There is yet another language survey done by Stack Overflow.  It polled its membership, and nearly 90,000 developers responded.  While 90,000 is a healthy sample size, keep in mind those polled still represent a closed environment.

Top 3 loved languages: Rust, Python, TypeScript.
Top 3 dreaded languages: VBA, Objective-C, Assembly
Top 3 languages programmers want to learn: Python, Javascript, Go

These results are very different from the YouTube video and the TIOBE Index, but it's noteworthy that Python makes an appearance in all 3 polls.

I first wrote about Jaron Lanier while reviewing Programmers At Work.  More wide-eyed and hopeful then, he now writes about how the internet is darker place.  He is featured in a recent NYT Opinion video explaining how the modern internet advertising model exploits our fear and anger.  He answers the question of what is data, how we're being short changed about our data, and describes data as the new oil.

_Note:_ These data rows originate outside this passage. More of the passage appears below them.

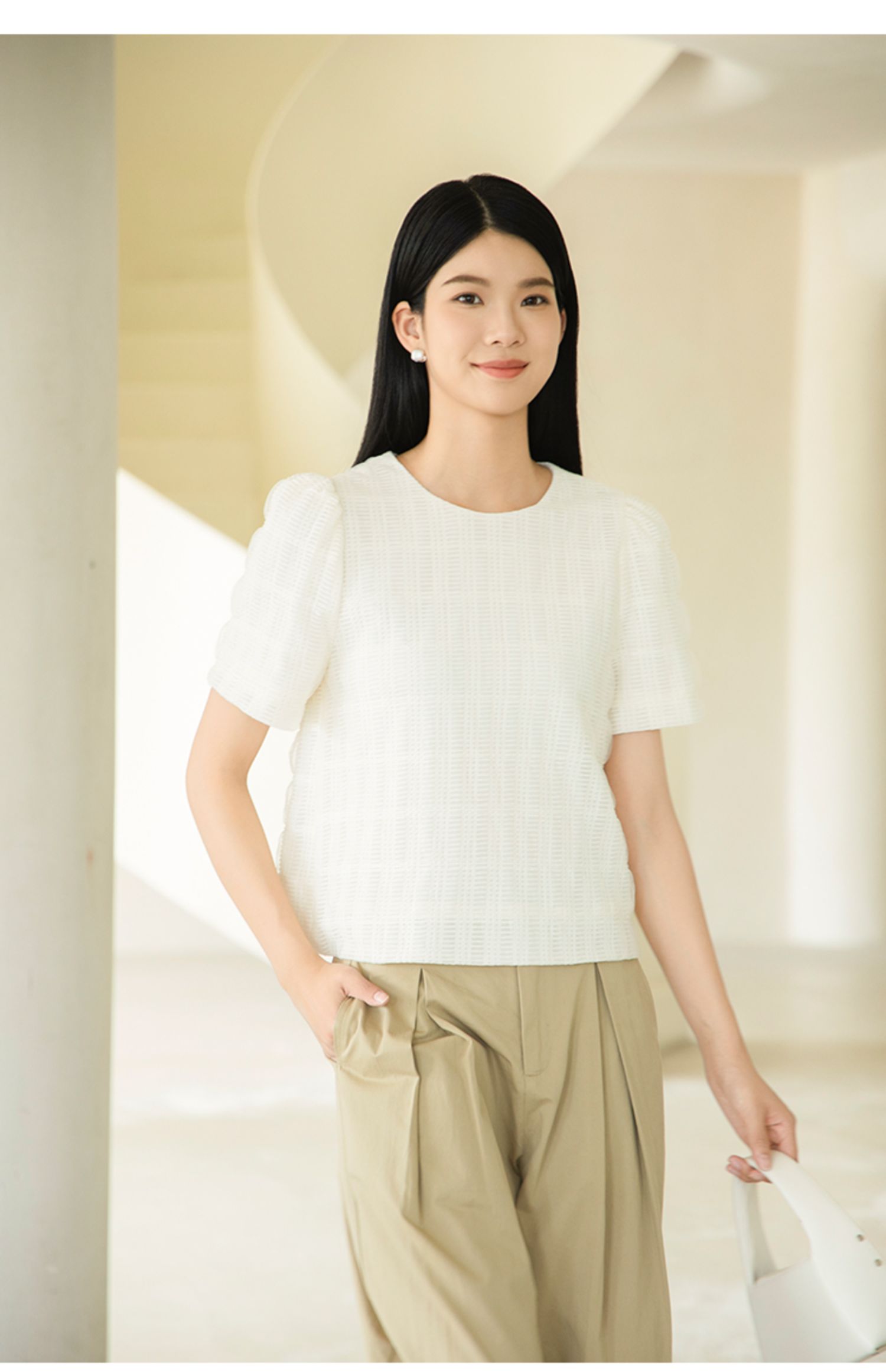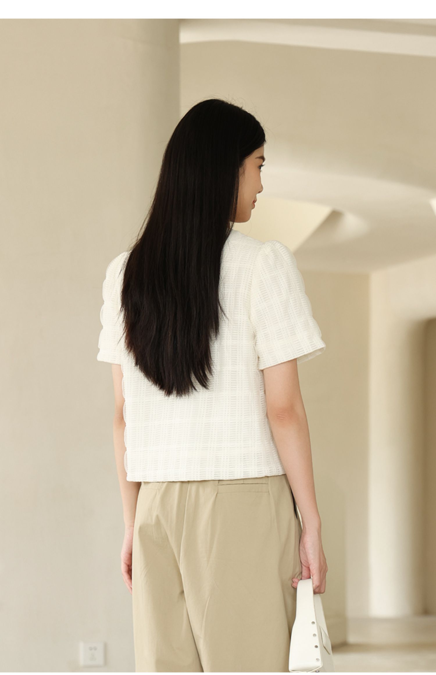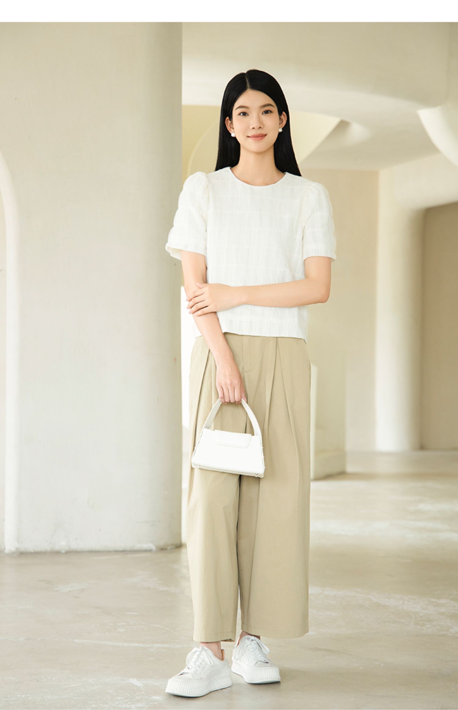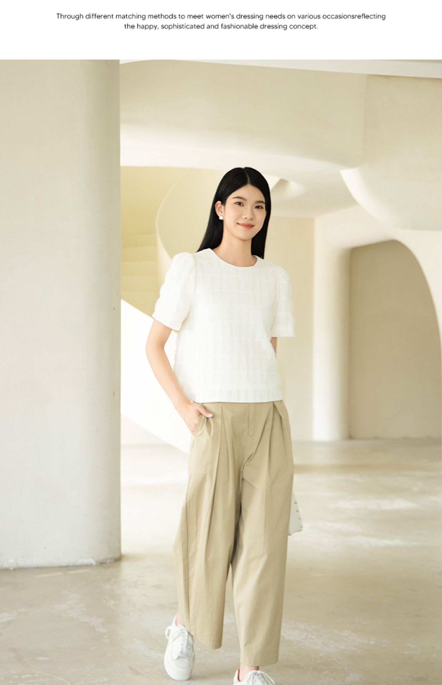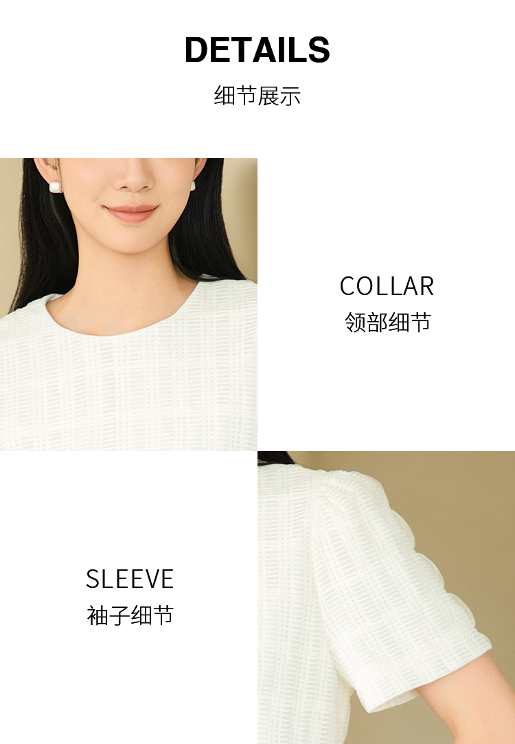 NUTS秋季新款白色圆领简约直筒泡泡袖套头衬衫衫女4320111A1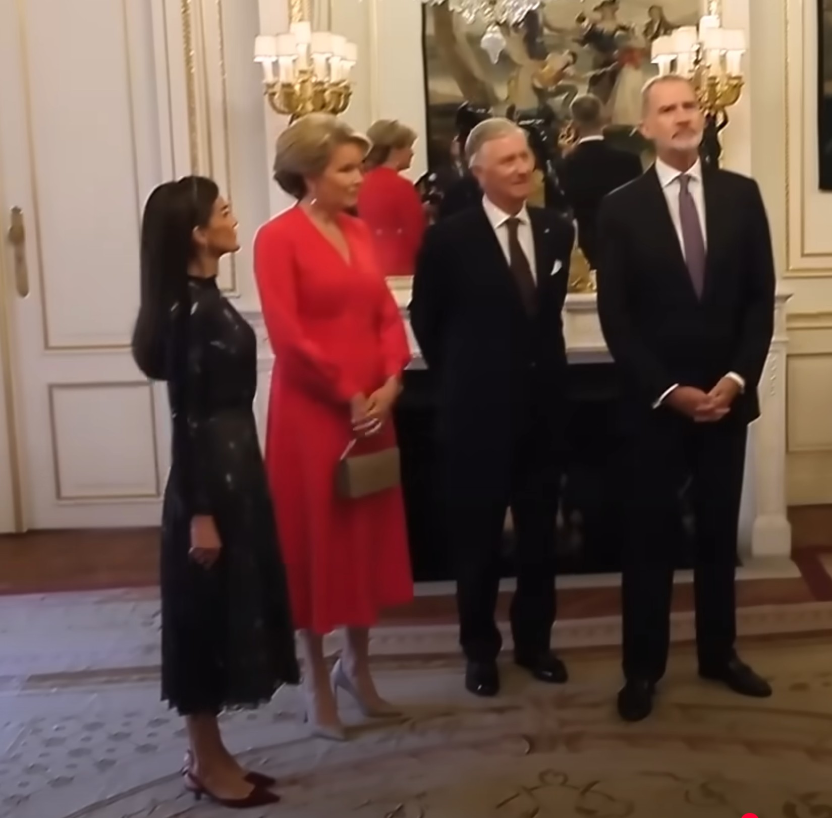En la trigesima edición del festival Europalia España donde se difunde la riqueza cultural española, Doña Leticia lució un vestido muy simple, de color oscuro que no le quedaba bien. La reina Matilde de Begica lucia un vestido rojo que la hacia resaltar y los reyes Felipe de España y Felipe de Belgica se veian muy bien . Para los hombres la moda no existe. Con ellos ningún problema. El hermoso vestido largo de color fresa sugerido para esta ocación , hubiera sido estupendo usado por Doña Leticia que tiene el tipo perfecto para lucirlo.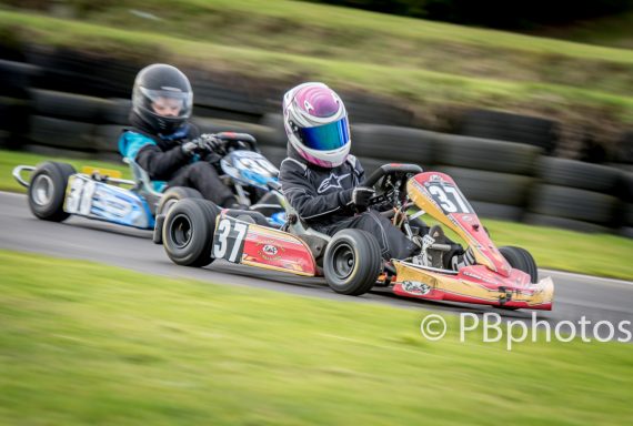 Five of the young Bambino class drivers took part in their three timed runs during the day, the early morning moisture having an adverse effect on a few of their delicate little engines. Jayden Sherwood’s Clarke kart proved fastest in all of the sessions, managing to keep his engine’s revs up through the tight infield sections the best and not losing too much momentum.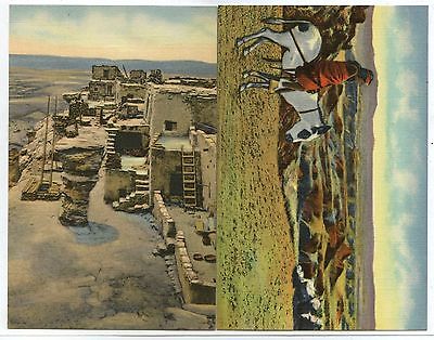 2 Linen, Hopi Indians AZ, "Snake Alter-Walpi & Hopi and Burro at Painted Desert"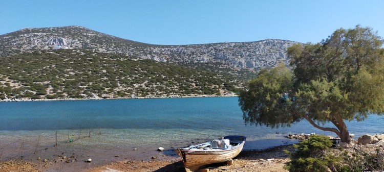 Je découvre une petite crique à l’ombre de quelques oliviers, fait rare sur cette île où il n’y a presque pas d’arbres. Je m’installe sous un olivier pour profiter de sa fraîcheur. Un véritable paysage de carte postale, avec comme seule compagnie un petit bateau à moteur sur lequel pêchent un père et sa fille, et non loin de moi, une naturiste qui fait du snorkeling.
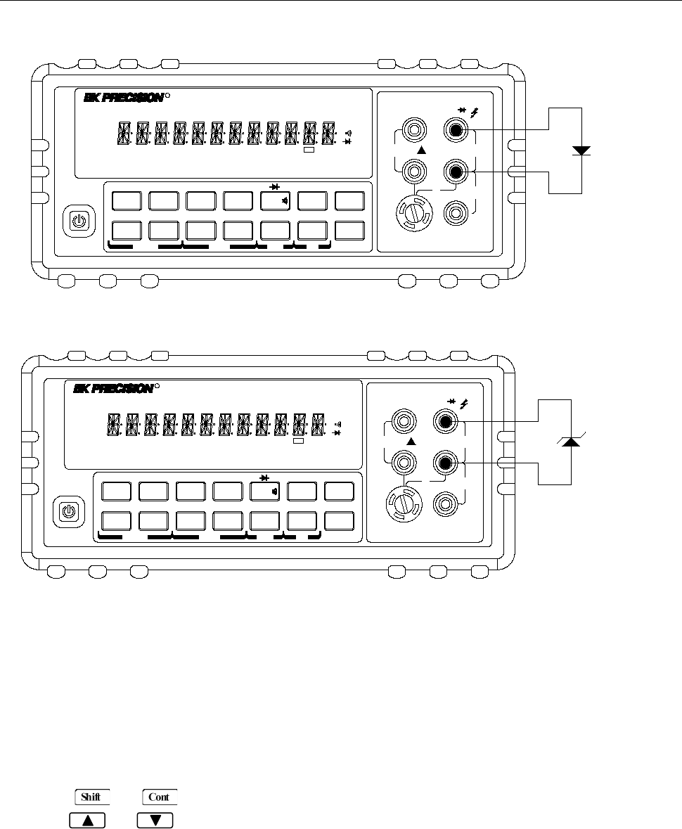 The diode test function measures voltage on the 3V range for the 1 mA test current and the 10 V range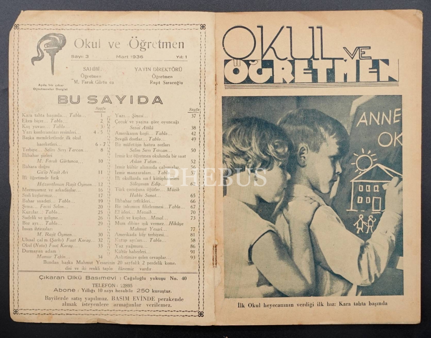 OKUL VE ÖĞRETMEN dergisinin Mart 1936 tarihli 3. sayısı, 96 sayfa, 16x24 cm...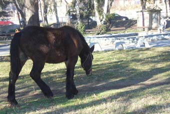 Дни преди Коледа кон пасе тревичка в парка пред Курортна поликлиника. Селска идилия или градски пейзаж? Още щрихи: зелената площ около коня е щедро наторена, а от паркиралите в парковата алея джипове (също неизменна част от “курортния” облик на СПА столицата) туристи се дивят и радват на гледката и я запечатват в снимки за спомен от Велинград. Стопанин или собственик на животното не се забелязва.
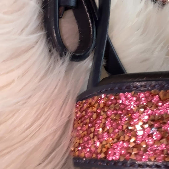 Der Nasenriemen ist mit einer intensiven Rose-Gold-Crystal-Dust-Biese veredelt. Hunderte Mini-Crystals in Pink-, Rosé- und Goldnuancen erzeugen einen tiefen, modernen Glitzer-Effekt, der perfekt mit dem blauen Leder und den roségoldenen Beschlägen harmoniert.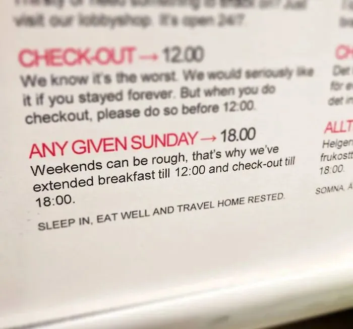 “周末我们将提供早餐至12:00,退房时间延至18:00。”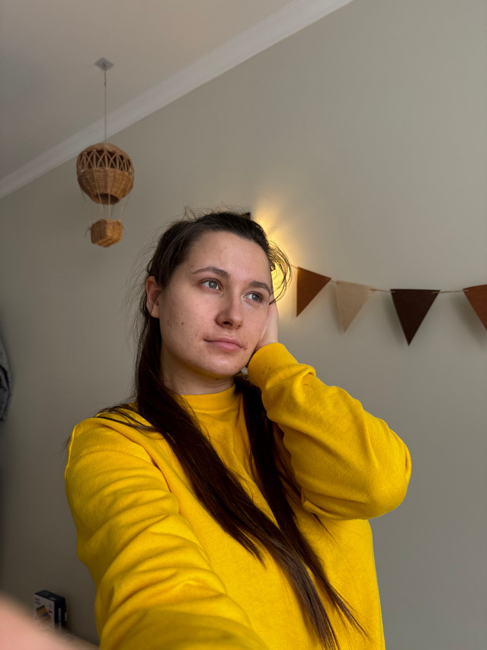 A young adult female, with long dark hair and a light complexion, is depicted from the chest up, wearing a bright yellow long-sleeved sweatshirt. Her left hand is raised, resting against the side of h…read more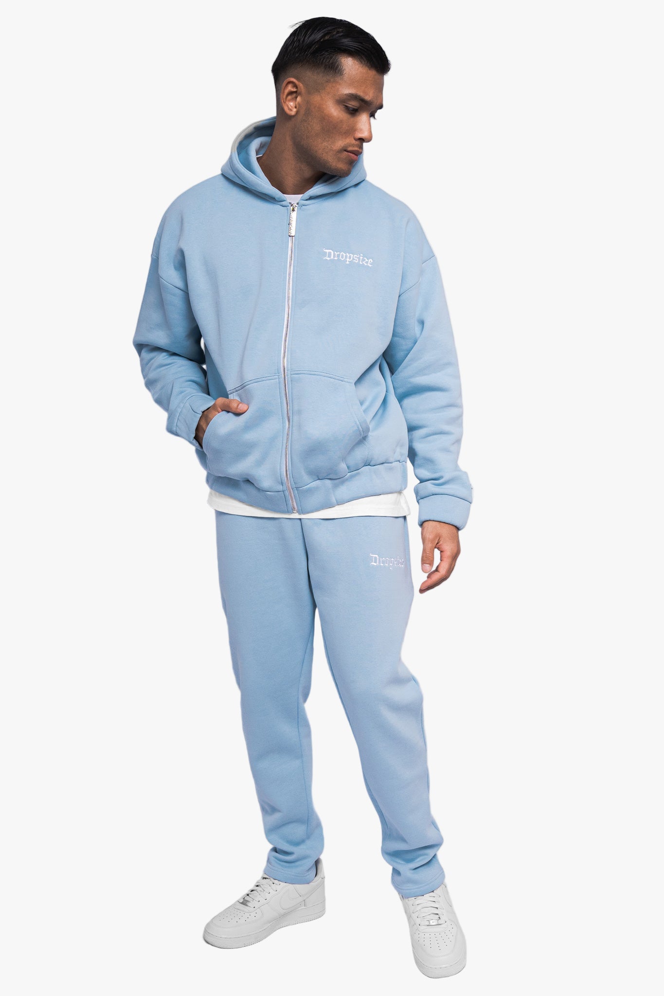 SUPER HEAVY OVERSIZE BLANK ZIP HOODIE BABY BLUE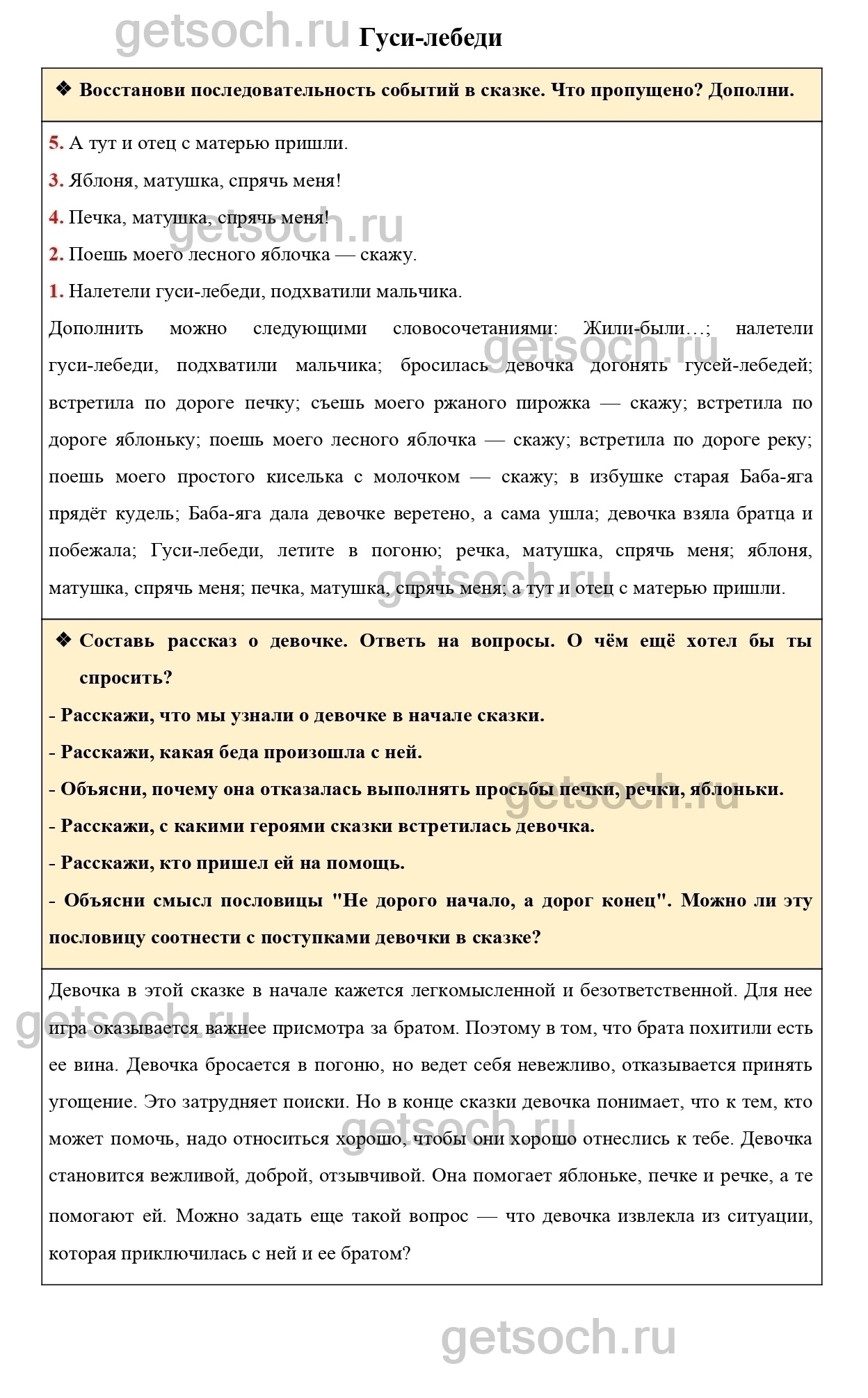 Восстанови последовательность событий в сказке. Что пропущено? Дополни.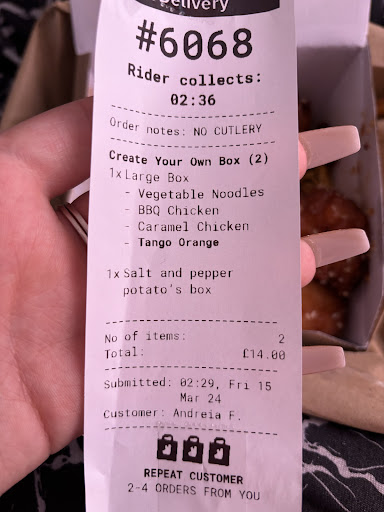 Ā Ā Ā Read moreStay away. I have never before had to bin a meal. The food looked so nice. We came in as soon as it opened and everything looked hot and fresh. After taking a couple of bites we had to pretend to take our food away so that we could throw it in the bin, it tasted that disgusting. I have never tasted anything like this before. We aren't picky eaters and were looking forward to some greasy low quality food, but this was another level. I never really leave a bad review but feel like I must, to protect someone else from this place. Will update this review later if I come down with food poisoning. Avoid...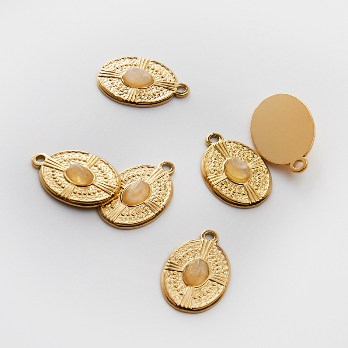 Zawieszka ze stali chirurgicznej owal z kryształem górskim w kolorze złotym 21mm PVDTo starannie wykonany produkt ze stali chirurgicznej 316L, który dobrze prezentuje się w codziennym użytkowaniu. W biżuterii handmade stal chirurgiczna 316L jest ceniona za dobry wygląd, odporność na korozję i wygodę codziennego użytkowania. Wykończenie w kolorze złotym uzyskane metodą PVD.Zawieszka ze stali chirurgicznej 316L to dekoracyjny element, który nadaje biżuterii charakteru i pozwala tworzyć spersonalizowane projekty. Świetnie sprawdza się w naszyjnikach, bransoletkach, kolczykach oraz drobnych charmsach.Forma lub motyw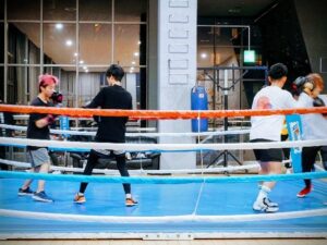 練習の合間には,ボクシングのアドバイスだけでなく,資格や就職,教員採用試験の話など学生たちの質問にも答えてくれていました。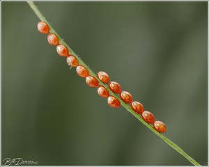 About a week ago, I noticed these golden drops on the leaf of a Liatris spicata (marsh blazing star). After taking a few photos in situ, I decided to collect the leaf and see what the hatch might be. I figured it was a hemipteran of some sort and after a little research, I narrowed it down to the Coreidae family, or ‘leaf-footed bugs.’ If you can identify these to any degree of higher specificity, please let me know.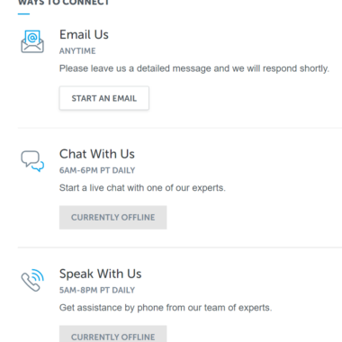 Khi bạn kéo chuột xuống cuối trang chính và nhấp vào “Visit Help Center”, nó sẽ đưa bạn đến trang Help Center của họ. Có một số Câu hỏi thường gặp có thể giúp bạn có được câu trả lời cho câu hỏi của mình. Nếu không thể tìm thấy nội dung đang tìm kiếm, bạn có thể click vào “Contact Our Customer Care Team” và sử dụng một trong ba cách này để liên hệ với họ.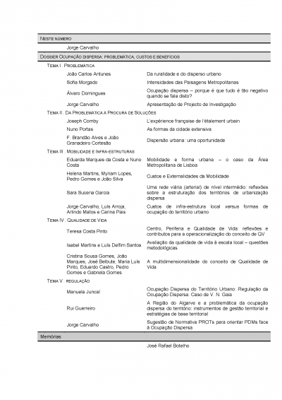 Projecto de Investigação “Custos e Benefícios, à escala local, de uma Ocupação Dispersa”, da responsabilidade das Universidades de Aveiro e Évora e da Direcção-Geral do Ordenamento do Território e do Desenvolvimento Urbano e financiado pela Fundação para a Ciência e Tecnologia.

The big mistake was at the turn of the century, when consumers wanted everything -- music, news, software -- for free and/or supported by advertising.  Lanier proposes an alternative where we are paid for our data, and we pay for services that are currently free.  A technical and legal infrastructure to support micro-payments would need to be built out, but on this point, Lanier is optimistic.  I like his ideas.